GIVEN MATERIAL START

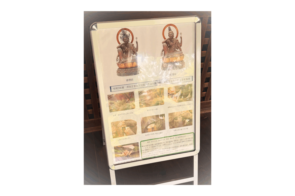 実は、今月11月に特別公開されています。残念ながら、当日はまだ公開前だったので、お会いすることは叶いませんでしたが、本殿にある改修時の様子などのパネル展示で楽しめました。
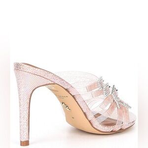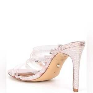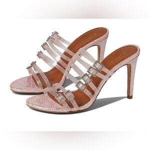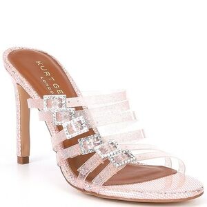 NEW Kurt Geiger London Pierra Vinyl Strap Embellished Buckle Dress Sandals pink
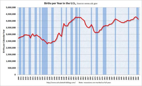 The NCHS reports that U.S. births declined to 4.136 million in 2009, from 4.247 million in 2008. The birth rate declined to 13.5 from 13.9 in 2008 (births per 1000 total population).

GIVEN MATERIAL END

YOUR ASSIGNMENT: What you give back should be exactly the lines from the line holding "NEW Kurt Geiger" through the final line of the material, both ends included, and please leave out the pictures.

PROBLEM SOLUTION:
 NEW Kurt Geiger London Pierra Vinyl Strap Embellished Buckle Dress Sandals pink
 The NCHS reports that U.S. births declined to 4.136 million in 2009, from 4.247 million in 2008. The birth rate declined to 13.5 from 13.9 in 2008 (births per 1000 total population).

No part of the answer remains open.